On "GMA's" interviews, the directors routinely ignore the time-honored practice of using graphic titles to identify their guests and their relationship to the story. Often no-name people are labeled only by the issue they represent. What about the "Who"?

A recent trend on "Today's" pre-taped feature packages about social issues is to pep up the production with clips from fictional movies and television. A segment about dating trends is illustrated with clips from "Friends" or "Sex and the City." A segment about coping with in-laws shows us "Meet the Parents." This is not journalism! Just because a screenwriter in Hollywood makes a joke about a situation does not mean it concretely applies to actual people in the real world.

And check out almost any interview on the "Early Show." Anchors regularly leapfrog over the W's to zero in on the "E" for emotion. Their priority is to find out how their interviewees feel about the situation they are in. Entire segments are devoted to eliciting expressions of heartbreak, grief, terror, gratitude, despair, hope, love.

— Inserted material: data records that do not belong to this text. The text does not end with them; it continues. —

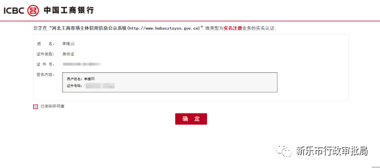 此頁面顯示的是,U盾持有人的身份信息,在“我已閱讀并同意”前面打勾,點擊“確定”按鈕。此時,頁面會彈出銀行的信息確認(rèn)頁面,在U盾上點擊兩次“ok”,銀行返回身份認(rèn)證結(jié)果信息,如下圖:
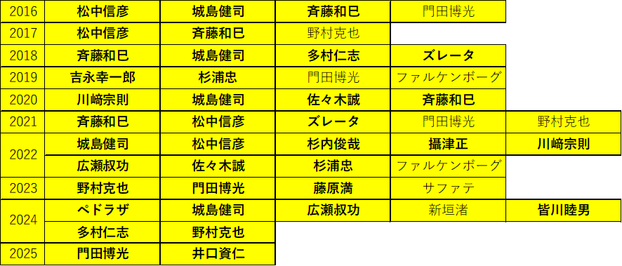 過去TS・OBで登場したホークス選手をメインポジション別にシーズン毎でまとめてみました。
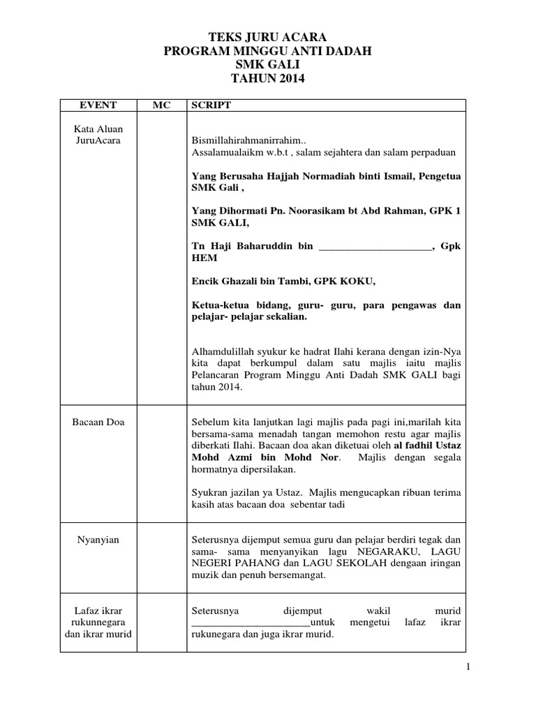 Soalan diolah dalam bentuk. Doa Program Anti Dadah. TEKS PENGACARA MAJLIS ANTI DADAH PERINGKAT SEKOLAH 2012 BIL ATURCARA SKRIP PENGACARA CATATAN 1 Murid-murid berdiri Ke Pekan Kuala membeli bingka Pengacara diminta dalam barisan.
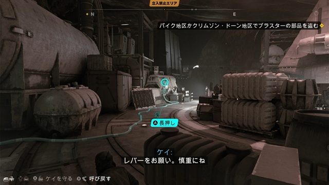クリムゾン・ドーンに注意しながらレバーの左に行き、大きなファンの前で隠れます。ニックスにAボタン長押しでレバーを下げる指示をし、大きなファンが止まったらすぐにくぐり抜けます。
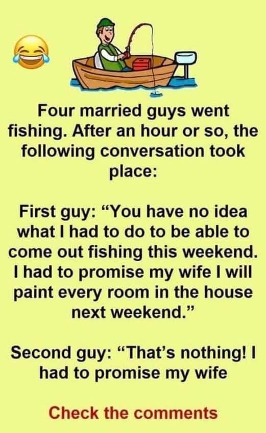 Four married men chose to go fishing together one day. As they threw their lines into the water, they talked
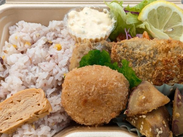 メインの魚は鯛のことが多く、他にホウボウやカワハギの日もあるそうです。またコロッケの代わりにエビフライだったり、おかずは日替わりです。 「若い人にもおいしく魚を食べてほしいです。」と柴田さん。普段は子どものためのお料理教室もされています。
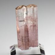 This is a Lepidolite pseudomorphing after Elbaite from Naipa Mine, Alto Ligonha District, Zambezia Province, Mozambique. This fine pseudomorph exhibits a lovely sparkly-pink iridescence or flash to the lepidolite surface.Data last checked on 29th Jul 2024 - specimen may no longer be available
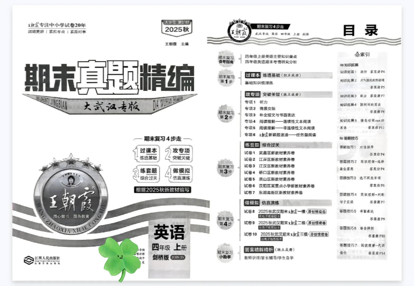 武汉宝妈必入!四年级英语期末冲刺就靠它✅ 武汉娃专属的英语期末神器来啦~2025秋王朝霞剑桥版四年级上册真题精编,针对性拿捏本地考点! 精选武汉各区期末真题,贴合剑桥版教材节奏,词汇、句型、语法全覆盖——从日常交际句型到名词单复数、方位介词,精准戳中四年级上册核心知识点。题量精简不冗余,每道题都带详细解析,孩子能快速找准薄弱项,不用盲目刷题。 基础题打牢功底,进阶题拔高能力,还有单元温故+期末模拟的完整体系,每天15分钟,轻松搞定期末复习。武汉家长闭眼冲,让孩子期末应试更从容~
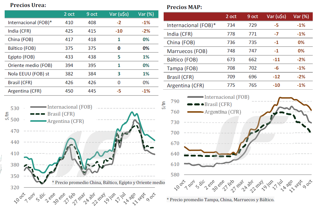 La Argentina sigue con poca actividad comercial y precios estables de importación de la urea en torno a 445  u$s/tonelada CFR, mientras que en fosfato monoamónico (MAP) el promedio se ubica en 765 u$s/tonelada CFR con demanda débil y varios compradores retirados a la espera de mayores bajas.
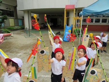 風を受けて風車が回ります!「ほら見て、回ってるよ!」
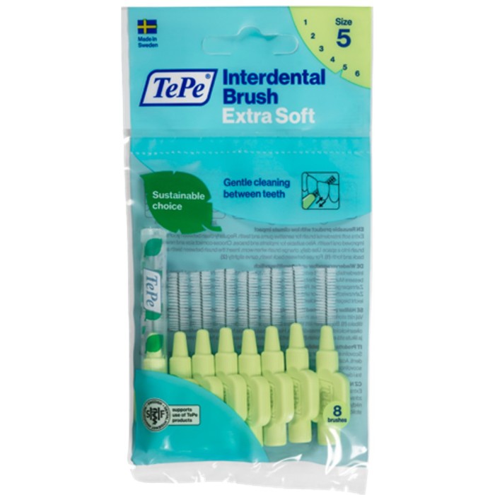 TePe Extra Soft är en mjuk mellanrumsborste för känsliga tänder och ömtåligt tandkött. Mellanrumsborsten gör rent mellan tänderna där tandborsten inte kommer åt. Att regelbundet göra rent med en mellanrumsborste kan förebygga tandköttsinflammation, karies och dålig andedräkt. TePe Mellanrumsborste har extra mjuka strån av högsta kvalitet för en effektiv och skonsam rengöring. Framtagen i samråd med tandvårdsexpertis för att säkerställa bästa funktion. I påsen finns 8 borstar och en skyddshylsa, som även kan användas som skaftförlängare.
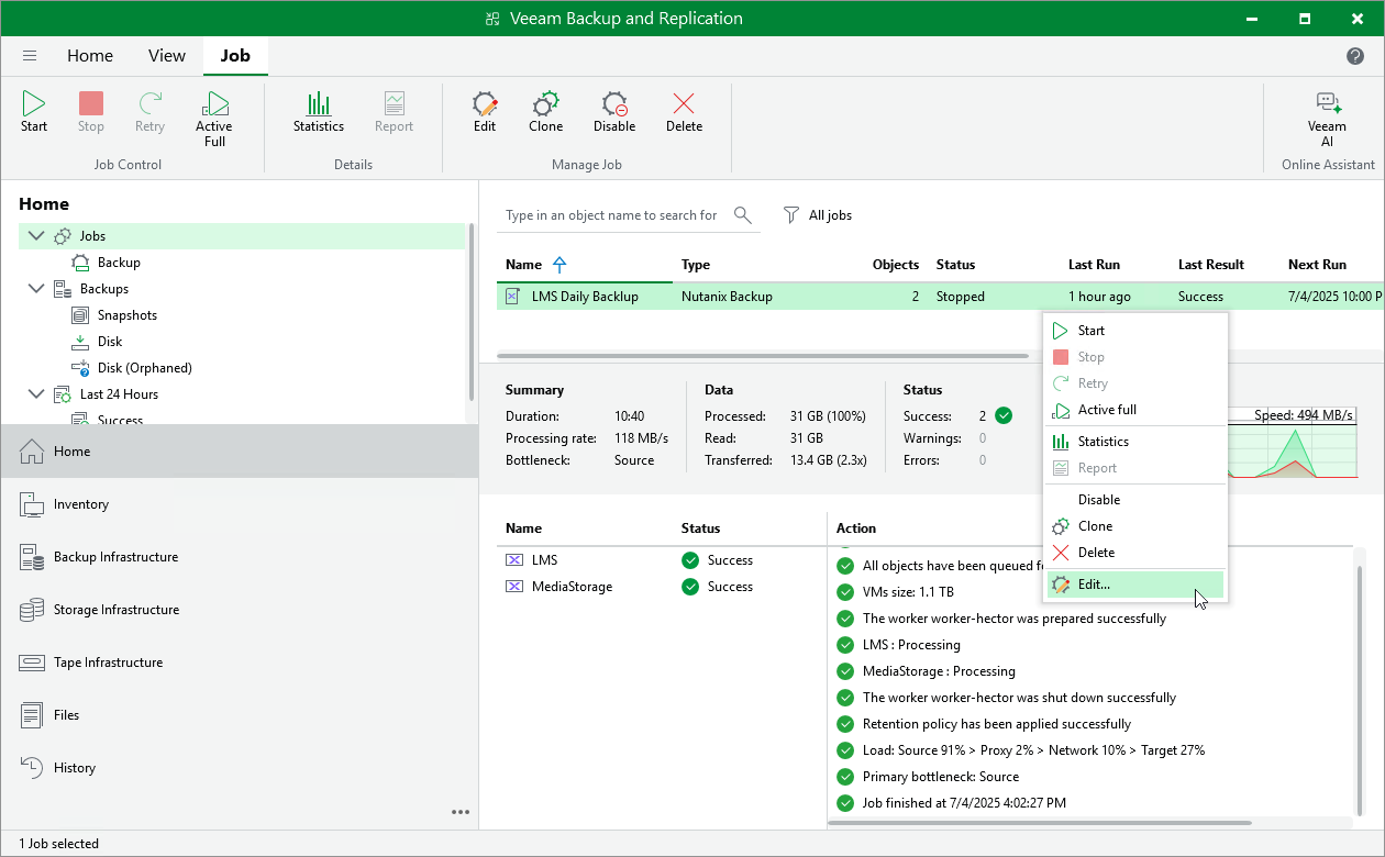 - To change the backup repository where backups are stored, to configure backup job retention settings, to schedule active and synthetic full backups, to configure health checks and email notifications, follow the instructions provided in section Creating Backup Jobs (step 4).

To watch the morning shows, one would believe that the key problem of U.S. policy in Iraq is not nation building over there, but the anguish of military families back home. Proper five-W's journalism generates the emotional component of a story by laying out the facts of the participants' predicament. This E-journalism substitutes manipulation for reporting.

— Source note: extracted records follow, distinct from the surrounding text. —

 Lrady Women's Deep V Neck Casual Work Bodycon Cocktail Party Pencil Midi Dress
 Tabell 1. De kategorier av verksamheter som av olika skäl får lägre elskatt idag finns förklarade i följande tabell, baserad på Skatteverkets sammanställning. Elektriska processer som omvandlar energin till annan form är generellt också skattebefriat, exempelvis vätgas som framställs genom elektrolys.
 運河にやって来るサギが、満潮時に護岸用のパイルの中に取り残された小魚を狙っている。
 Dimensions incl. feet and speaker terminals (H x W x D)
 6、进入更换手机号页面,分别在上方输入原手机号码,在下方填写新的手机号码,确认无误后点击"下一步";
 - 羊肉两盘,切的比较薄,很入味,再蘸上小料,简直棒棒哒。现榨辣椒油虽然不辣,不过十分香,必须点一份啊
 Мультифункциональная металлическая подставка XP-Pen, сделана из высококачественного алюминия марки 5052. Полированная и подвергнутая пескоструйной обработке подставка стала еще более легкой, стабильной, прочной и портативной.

Which leads to the second troubling trend -- namely the stunted range of the emotions that the morning programs seek to elicit. Stated bluntly, most human interest stories are confined to two categories: the mawkish and the inspirational.

"GMA" viewers, for example, know they are headed for mawkish-land when solemn piano chords resonate on the soundtrack of a taped package. Odds are we are about to be told about a terminal illness or a disfiguring accident. When the story is told by way of an interview, the tone is registered by inarticulate sympathy on the part of the anchor. Each network has a specialist in saccharine sincerity in the face of personal crisis. On "GMA" it is Robin Roberts; on the "Early Show," Hannah Storm -- but no one is more staggeringly sincere than "Today's" Ann Curry.

As for inspiration, remember last year's true crime story at an Atlanta courthouse: a defendant shot a judge, escaped and held a woman hostage in her apartment until she persuaded him to surrender. Her tale of survival became yet more tailor-made for the self-help-friendly morning programs when it emerged that she had read passages from the devotional bestseller "The Purpose Driven Life" to soften his heart. That was as far as the reporting went in the wake of the drama. Later, and less prominently publicized, we discovered that it was not only the preacher's words that had moved the gunman's heart ... hostage and fugitive had also gotten high on her stash of methamphetamine. That added detail makes the entire drama a better story. It adds humanity, irony, moral complexity --and subtracts inspiration.

On the inspiration beat, "GMA" specializes in heroic parents caring for super-sized adoptive families. The "Early Show" lauds volunteerism, community service and selfless acts of forgiveness. A major virtue of "Today" anchor Matt Lauer is his cynical humor: sarcasm is a perfect antidote to inspiration.

Good reporting goes in search of those flawed all-too-human details. Too often the morning programs seem more interested in the moral lesson. Their inspirational tales seem less like journalism and more like self-help propaganda.